4. The article information identification method according to claim 3, characterized in that, When the detection frame of the hand feature overlaps with the detection frame of the food feature, the system enters the access mode, which further includes: If the detection boxes of the hand features and the detection boxes of the food features overlap in at least 5-10 consecutive video frames, then this behavior is determined to be holding food. When the aforementioned action of holding food ingredients occurs, the system enters the storage and retrieval mode.
5. The method for identifying item information according to claim 1, characterized in that, In the access mode, continuously tracking the detection boxes of the food features that overlap with the detection boxes of the hand features specifically includes: In the access mode, when the detection boxes of the overlapping hand features and the food features are detected to be separated, and the center point of the detection box of the food features is located in the second pixel area in each video frame image after the separation of the two detection boxes, it is determined that the food is to be stored.
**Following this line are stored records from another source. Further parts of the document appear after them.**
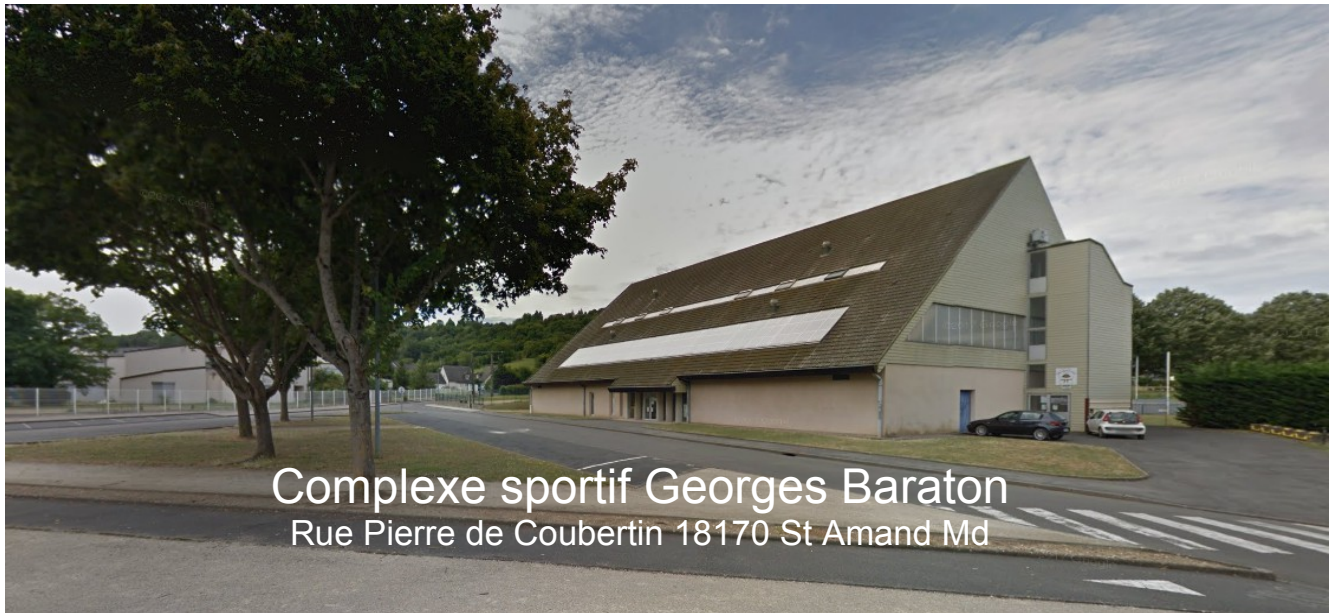
Complexe sportif Georges Baraton Rue Pierre de Coubertin 18170 St Amand Md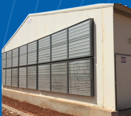
VENTILATION PAR TURBINE D'EXTRACTION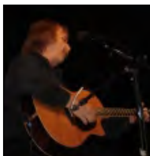
J. NOHAVICA V TORONTU

Jarek Nohavica je pokračovatelem slezské poezie. Zpívá jak v slezském nářečí, tak v polštině, češtině i slovenštině. Je svůj. Co se mně na něm nelíbilo, když se stavěl do pozice bojovníka za svobodu. Jeho politická prohlášení mně někdy připadala laciná a neměl to zapotřebí. To tentokrát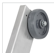
Rodas de topo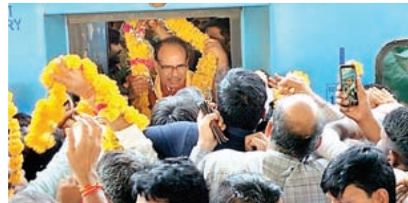
केन्द्रीय कृषि मंत्री शिवराज चौहान का मुंबई स्टेशन पर भव्य स्वागत।

मुंबई। केन्द्रीय कृषि एवं किसान कल्याण तथा ग्रामीण विकास पंचायत राज मंत्री शिवराज सिंह चौहान ने कृषि को भारतीय अर्थव्यवस्था की रीढ़ बताते हुए कहा कि किसान हमारा भगवान हैं और किसान की सेवा भगवान की सेवा है। कृषि एवं किसान कल्याण के लिए 100 दिन की कार्य योजना तैयार कर ली गई है। प्रधानमंत्री नरेन्द्र मोदी के नेतृत्व में तीसरी बार सरकार बनने पर सबसे पहले 18 जून को काशी से किसानों को सम्मान निधि की राशि प्रदान की जाएगी। प्रधानमंत्री मोदी सिंगल क्लिक के माध्यम से इस राशि को हस्तांतरित करेंगे। सरकार किसान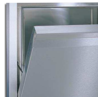
Porta balanceada com fecho "ultra soft action"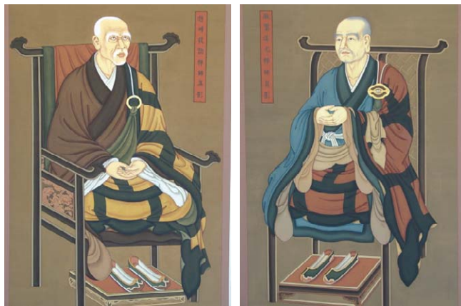
화순 쌍계사에 봉안된 조주 선사(좌)와 철감 선사 영정.

‘차 마시는 것과 선 수행이 한 맛(茶禪一味)’이라는 말은 선종 차문화를 단적으로 표현하는 예다. 중국 조주 스님이 ‘깍다거(喫茶去)’라 말해 선다(禪茶)의 효시라면, 한국에는 철감 선사가 있다. 조주 선사와 철감 선사는 스승 남전 선사 밑에서 11년간 법연을 맺은 사이기도 하다. 이런 가운데 7월 12일 화순 쌍봉사(주지 영재)에 선종 차문화의 주역 조주 선사와 철감 선사의 영정이 봉안돼 ‘깍다거’의 법연을 이었다.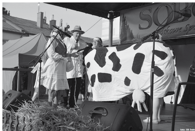
Nie brakowało różnych zabawnych scen obrzędowych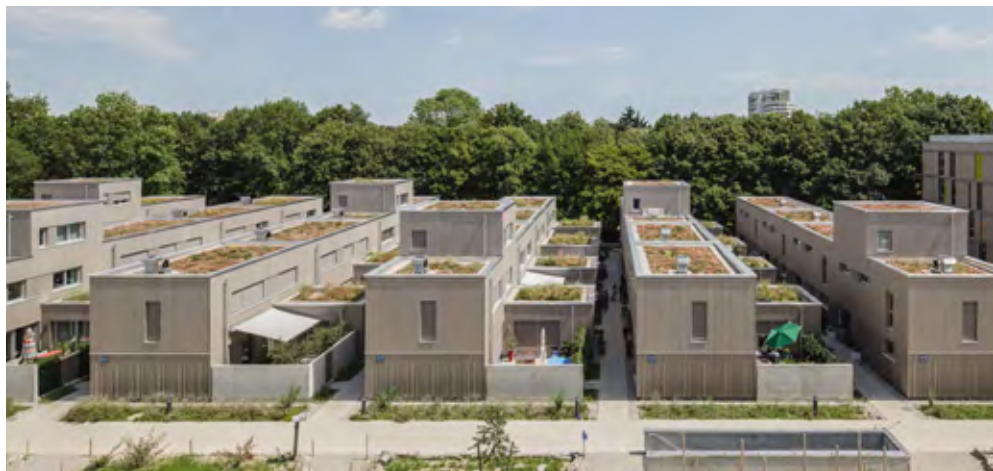
Das Münchener Wohnungsbauprojekt „Der kleine Prinz“ verfügt über eine extensive Dachbegrünung sowie über Flächen zum Urban Gardening; es erreichte damit den 3. Platz.

Aufstockung: zusätzlicher Raum. Die vertikale Erweiterung von Gebäuden bietet eine nachhaltige Lösung für den Wohnraummangel und ermöglicht zudem eine effiziente Nutzung bestehender Gebäudestrukturen.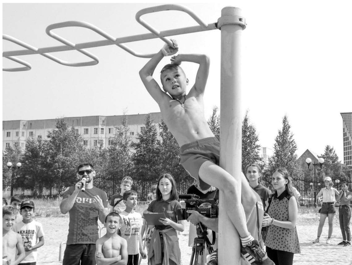
Площадки стрит воркаут во дворах города – один из способов приобщения к здоровому образу жизни

зафиксирован, когда у двоих жителей города были изъяты синтетические наркотики, у одного из них еще и наркотики растительного происхождения. Причем один из задержанных граждан раньше в поле зрения правоохранительных органов по таким вопросам не попадал. Кроме того, в ходе мероприятий, направленных на борьбу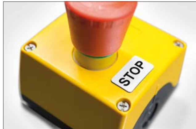
Idealer Ersatz für gravierte Schilder: Panel-Etiketten.

Zur problemlosen Gestaltung der Etiketten empfehlen wir die Etikettensoftware TagPrint Pro.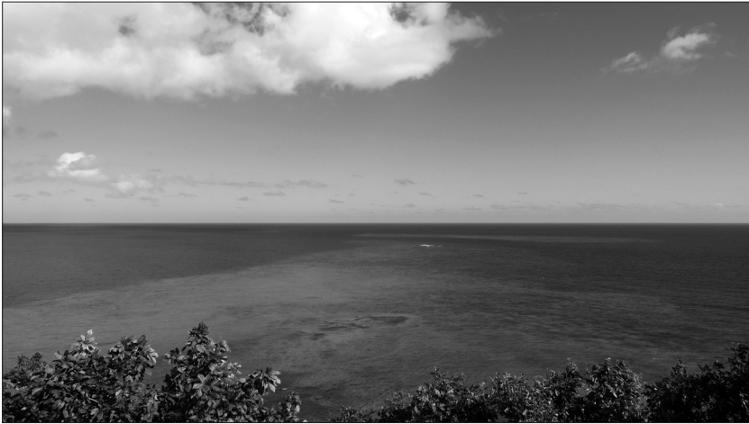
FIGURE 2. – Vue sur le lagon décrite par la personne interrogée ME11H34PA.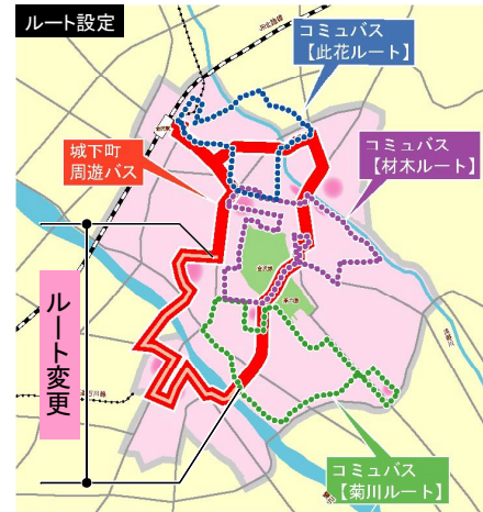
ふらっと一周ルート案

●バス待ち時間を快適に⇒バス停の工夫(デザインの洗練、インフォメーションボードの付加、バス停ナンバーの表記、店舗内でのバス接近情報の案内、バス停前店舗の 1 F 部分セットバック)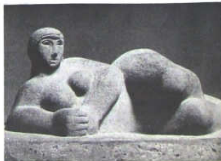
Figura reclinada (yes) , 1926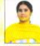
Harsh 3rd Position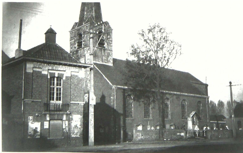
De kerk en het gemeentehuis in 1958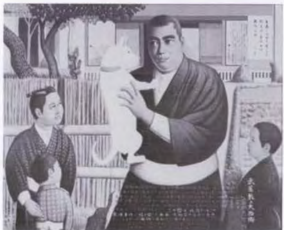
72 牧 重竹 武屋敷の大西郷 1983 油彩・キャンバス 130.0×162.0 58. 贈 美工-991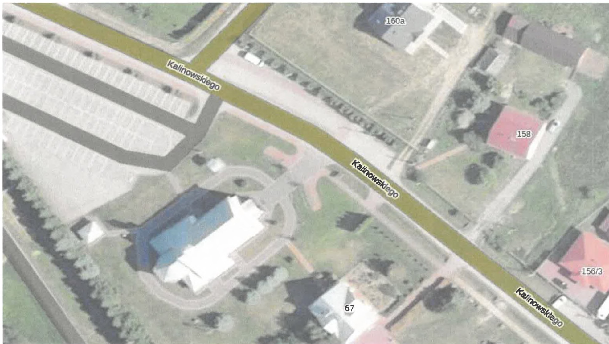
Wniosek o zrekonstruowanie w okolicach kościoła parafialnego przejścia drogowego przez drogę powiatową P 1179R w miejscowości Dulcza Wielka.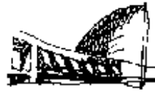
Tavola: 15 sostitutiva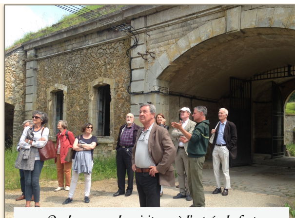
- Quelques-uns des visiteurs à l'entrée du fort -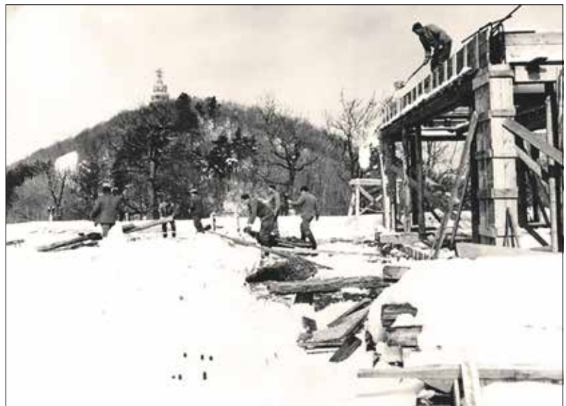
Épül a Libegő (1969)

Az építkezés idején sokan aggodtak, hogy a folyamatosan mozgó székekbe való beszállás súlyos baleseteket okozhat. Félelmük felesleges volt, az elmúlt ötven évben egyetlen komolyabb sérülés sem történt. Az utasok biztonságára a kezdetektől nagy gondot fordítanak az üzemeltetők. A tartóoszlopokra hangszórókat szereltek, amelyek segítségével üzemzavar esetén értesíthették a fenn lévőket. Az állomási ügyeletesek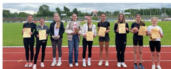
Die Klassensprecherinnen der schnellsten Klassen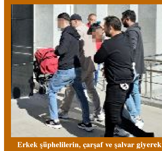
Erkek şüphelilerin, çarşaf ve şalvar giyerek 3 işyerini de kurşunladıkları belirlendi.

25 yıl cezası bulunan firari yakalandı •4'de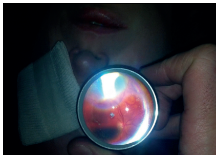
Obr. 5 a-b Učební křivka – snímky sítnice u 2 pacientů vyšetřených s odstupem měsíce: a – fyziologický nález na sítnici u 30leté ženy se strabismem (pořízeno v září 2013) b – snímek totální rhegmatogenní amoce sítnice u 64letého pacienta (pořízeno v říjnu 2013).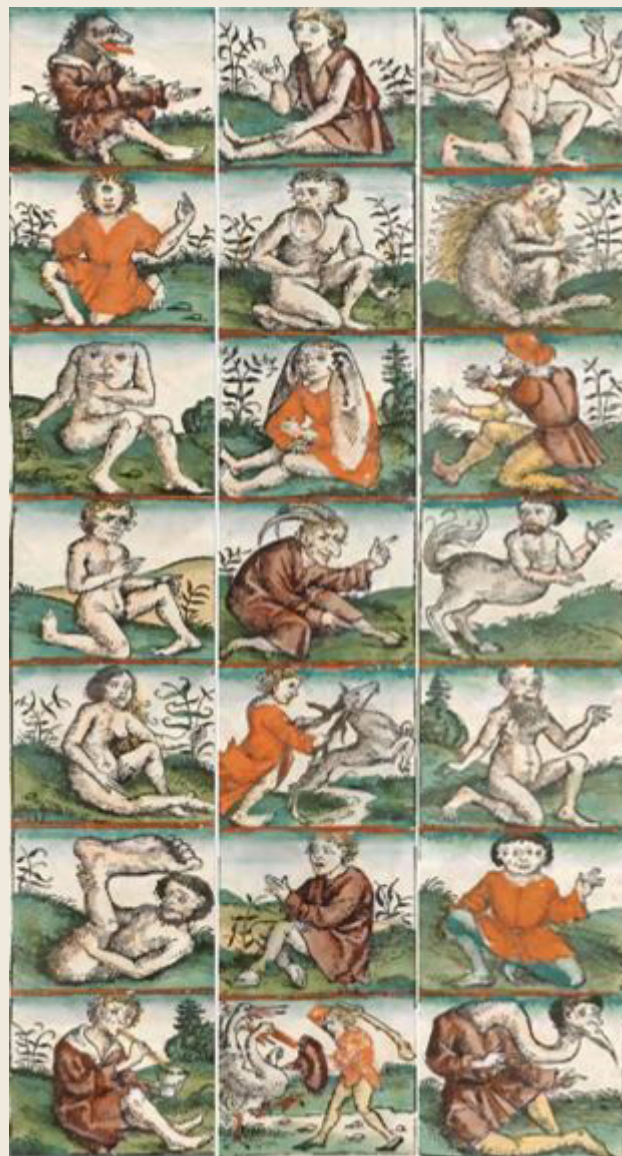
Figura 1 – Raças monstruosas.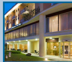
Hotel Rizzi Aquacharme

6. The method for identifying item information according to claim 1, characterized in that, The method further includes: When the detection box for the hand feature disappears from the video frame image, the system closes the access mode.
7. The article information identification method according to claim 1 or 5, characterized in that, The method further includes: The information on the ingredients stored in the drawer is updated, including the type and quantity of the ingredients.
8. The method for identifying item information according to claim 1, characterized in that, The process involves segmenting multiple detection boxes from each video frame image, with each detection box corresponding to a feature item, and identifying the feature item within the detection box. The feature item includes food features and hand features, specifically including: Using an object detection algorithm, the detection box corresponding to each feature item in the video frame image is marked; The target recognition algorithm is used to identify the feature items within each detection box.
9. A refrigeration device, comprising: The enclosure, shelf, drawer, camera, memory, and processor are characterized by: The drawer and the shelf are disposed inside the box. The drawer has an inner space. The shelf is disposed above the drawer and makes the inner space of the drawer a closed inner space. When the drawer slides outward toward the box, part of the inner space of the drawer is exposed to the outside. The shelf is an opaque shelf; The camera is installed inside the box, vertically downward, and is used to capture images including the space inside the drawer. The memory stores a computer program that can run on the processor, and when the processor executes the program, it implements the steps of the article information identification method as described in any one of claims 1-8.
10. A computer storage medium storing a computer program, characterized in that, When the computer program is executed, it causes the device containing the computer storage medium to perform the steps of the article information identification method according to any one of claims 1-8.